*** Opening of Records ***
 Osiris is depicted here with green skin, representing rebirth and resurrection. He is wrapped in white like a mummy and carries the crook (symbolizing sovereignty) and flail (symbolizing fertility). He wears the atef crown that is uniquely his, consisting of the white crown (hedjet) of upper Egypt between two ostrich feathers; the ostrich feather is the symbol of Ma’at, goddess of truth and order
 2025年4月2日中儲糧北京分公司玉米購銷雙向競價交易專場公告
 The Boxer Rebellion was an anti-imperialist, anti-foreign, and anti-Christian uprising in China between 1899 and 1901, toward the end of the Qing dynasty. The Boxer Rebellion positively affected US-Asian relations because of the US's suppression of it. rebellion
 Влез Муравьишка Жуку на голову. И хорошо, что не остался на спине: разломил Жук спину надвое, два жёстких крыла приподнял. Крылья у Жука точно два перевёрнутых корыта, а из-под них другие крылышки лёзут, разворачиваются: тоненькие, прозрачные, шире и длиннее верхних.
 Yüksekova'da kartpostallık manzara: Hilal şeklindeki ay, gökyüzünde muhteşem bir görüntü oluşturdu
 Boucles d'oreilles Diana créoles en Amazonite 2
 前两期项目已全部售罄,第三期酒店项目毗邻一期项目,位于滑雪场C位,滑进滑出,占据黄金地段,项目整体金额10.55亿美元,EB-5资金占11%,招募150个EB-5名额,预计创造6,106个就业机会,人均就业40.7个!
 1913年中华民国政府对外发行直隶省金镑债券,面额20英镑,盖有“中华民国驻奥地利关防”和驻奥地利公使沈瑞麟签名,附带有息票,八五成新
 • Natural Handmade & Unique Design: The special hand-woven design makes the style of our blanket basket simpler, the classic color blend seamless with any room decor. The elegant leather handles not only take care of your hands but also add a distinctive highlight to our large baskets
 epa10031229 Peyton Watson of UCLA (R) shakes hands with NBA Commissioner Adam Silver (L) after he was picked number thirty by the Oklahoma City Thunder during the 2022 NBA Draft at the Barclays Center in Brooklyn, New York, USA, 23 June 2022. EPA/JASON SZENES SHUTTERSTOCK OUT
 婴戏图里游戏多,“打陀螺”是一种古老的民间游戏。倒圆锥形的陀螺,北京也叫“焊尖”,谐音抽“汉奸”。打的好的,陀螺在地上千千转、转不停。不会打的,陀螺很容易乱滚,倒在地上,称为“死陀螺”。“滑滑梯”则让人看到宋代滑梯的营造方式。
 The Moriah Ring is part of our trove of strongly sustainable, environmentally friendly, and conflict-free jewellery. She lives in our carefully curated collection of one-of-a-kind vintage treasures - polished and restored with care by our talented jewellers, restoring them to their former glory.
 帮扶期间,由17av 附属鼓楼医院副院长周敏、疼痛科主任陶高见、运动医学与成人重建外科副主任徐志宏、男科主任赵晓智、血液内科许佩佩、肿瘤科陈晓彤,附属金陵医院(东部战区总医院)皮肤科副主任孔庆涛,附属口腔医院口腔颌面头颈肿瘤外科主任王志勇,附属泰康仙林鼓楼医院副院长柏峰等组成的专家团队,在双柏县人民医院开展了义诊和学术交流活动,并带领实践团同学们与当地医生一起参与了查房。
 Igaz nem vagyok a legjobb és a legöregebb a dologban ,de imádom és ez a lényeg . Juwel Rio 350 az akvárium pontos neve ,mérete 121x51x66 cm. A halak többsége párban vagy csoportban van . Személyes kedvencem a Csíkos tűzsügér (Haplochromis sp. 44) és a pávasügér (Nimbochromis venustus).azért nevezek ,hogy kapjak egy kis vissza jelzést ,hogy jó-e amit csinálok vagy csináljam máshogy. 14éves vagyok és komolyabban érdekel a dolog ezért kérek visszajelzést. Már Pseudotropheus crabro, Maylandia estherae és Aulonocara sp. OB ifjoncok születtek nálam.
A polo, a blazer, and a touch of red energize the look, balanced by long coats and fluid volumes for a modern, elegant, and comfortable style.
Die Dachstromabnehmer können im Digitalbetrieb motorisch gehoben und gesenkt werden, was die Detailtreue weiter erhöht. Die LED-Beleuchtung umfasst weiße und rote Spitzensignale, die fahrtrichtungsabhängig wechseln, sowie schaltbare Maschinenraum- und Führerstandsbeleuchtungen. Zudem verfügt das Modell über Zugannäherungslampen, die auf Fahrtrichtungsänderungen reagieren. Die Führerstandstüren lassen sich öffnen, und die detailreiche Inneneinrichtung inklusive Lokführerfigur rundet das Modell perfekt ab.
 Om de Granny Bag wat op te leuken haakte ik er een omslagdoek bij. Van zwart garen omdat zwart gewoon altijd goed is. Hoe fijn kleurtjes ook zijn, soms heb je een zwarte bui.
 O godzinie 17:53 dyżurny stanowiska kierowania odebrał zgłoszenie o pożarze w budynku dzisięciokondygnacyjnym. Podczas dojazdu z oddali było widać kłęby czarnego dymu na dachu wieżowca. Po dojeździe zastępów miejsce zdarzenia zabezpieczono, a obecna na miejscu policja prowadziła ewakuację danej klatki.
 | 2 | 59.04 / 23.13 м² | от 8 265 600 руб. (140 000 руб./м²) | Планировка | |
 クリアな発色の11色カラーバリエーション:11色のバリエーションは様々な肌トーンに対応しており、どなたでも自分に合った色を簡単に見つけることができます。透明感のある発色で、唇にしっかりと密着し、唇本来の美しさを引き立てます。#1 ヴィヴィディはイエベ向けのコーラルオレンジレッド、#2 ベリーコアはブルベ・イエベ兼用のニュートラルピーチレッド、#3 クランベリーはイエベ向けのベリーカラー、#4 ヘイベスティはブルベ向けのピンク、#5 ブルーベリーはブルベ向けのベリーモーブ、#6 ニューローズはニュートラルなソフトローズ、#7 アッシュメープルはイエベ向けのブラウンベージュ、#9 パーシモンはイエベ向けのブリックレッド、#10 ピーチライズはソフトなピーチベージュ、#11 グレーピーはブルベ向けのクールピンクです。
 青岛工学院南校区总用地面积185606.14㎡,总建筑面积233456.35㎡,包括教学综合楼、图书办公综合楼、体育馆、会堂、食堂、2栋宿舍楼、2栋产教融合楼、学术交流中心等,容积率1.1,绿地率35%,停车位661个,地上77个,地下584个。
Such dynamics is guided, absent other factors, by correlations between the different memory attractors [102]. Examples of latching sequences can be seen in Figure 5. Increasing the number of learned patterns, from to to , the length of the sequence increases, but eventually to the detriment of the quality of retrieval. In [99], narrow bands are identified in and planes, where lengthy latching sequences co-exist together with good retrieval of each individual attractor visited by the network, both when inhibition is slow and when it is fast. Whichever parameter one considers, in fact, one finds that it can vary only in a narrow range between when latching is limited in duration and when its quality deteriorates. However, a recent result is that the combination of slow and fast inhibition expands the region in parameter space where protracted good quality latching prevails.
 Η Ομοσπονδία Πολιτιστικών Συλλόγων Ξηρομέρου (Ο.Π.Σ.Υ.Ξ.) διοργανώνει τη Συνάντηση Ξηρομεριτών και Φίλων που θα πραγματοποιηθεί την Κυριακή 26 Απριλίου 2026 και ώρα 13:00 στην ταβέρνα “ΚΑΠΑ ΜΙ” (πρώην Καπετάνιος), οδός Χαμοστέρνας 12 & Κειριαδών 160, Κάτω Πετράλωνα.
*** Close of Records ***
_Exercise brief_
Copy out each line of the data above, exactly, if it lies between the line holding "Влез Муравьишка Жуку" and the line holding "1913年中华民国政府对外发", inclusive; copy no other line.

_Task solution_
 Влез Муравьишка Жуку на голову. И хорошо, что не остался на спине: разломил Жук спину надвое, два жёстких крыла приподнял. Крылья у Жука точно два перевёрнутых корыта, а из-под них другие крылышки лёзут, разворачиваются: тоненькие, прозрачные, шире и длиннее верхних.
 Yüksekova'da kartpostallık manzara: Hilal şeklindeki ay, gökyüzünde muhteşem bir görüntü oluşturdu
 Boucles d'oreilles Diana créoles en Amazonite 2
 前两期项目已全部售罄,第三期酒店项目毗邻一期项目,位于滑雪场C位,滑进滑出,占据黄金地段,项目整体金额10.55亿美元,EB-5资金占11%,招募150个EB-5名额,预计创造6,106个就业机会,人均就业40.7个!
 1913年中华民国政府对外发行直隶省金镑债券,面额20英镑,盖有“中华民国驻奥地利关防”和驻奥地利公使沈瑞麟签名,附带有息票,八五成新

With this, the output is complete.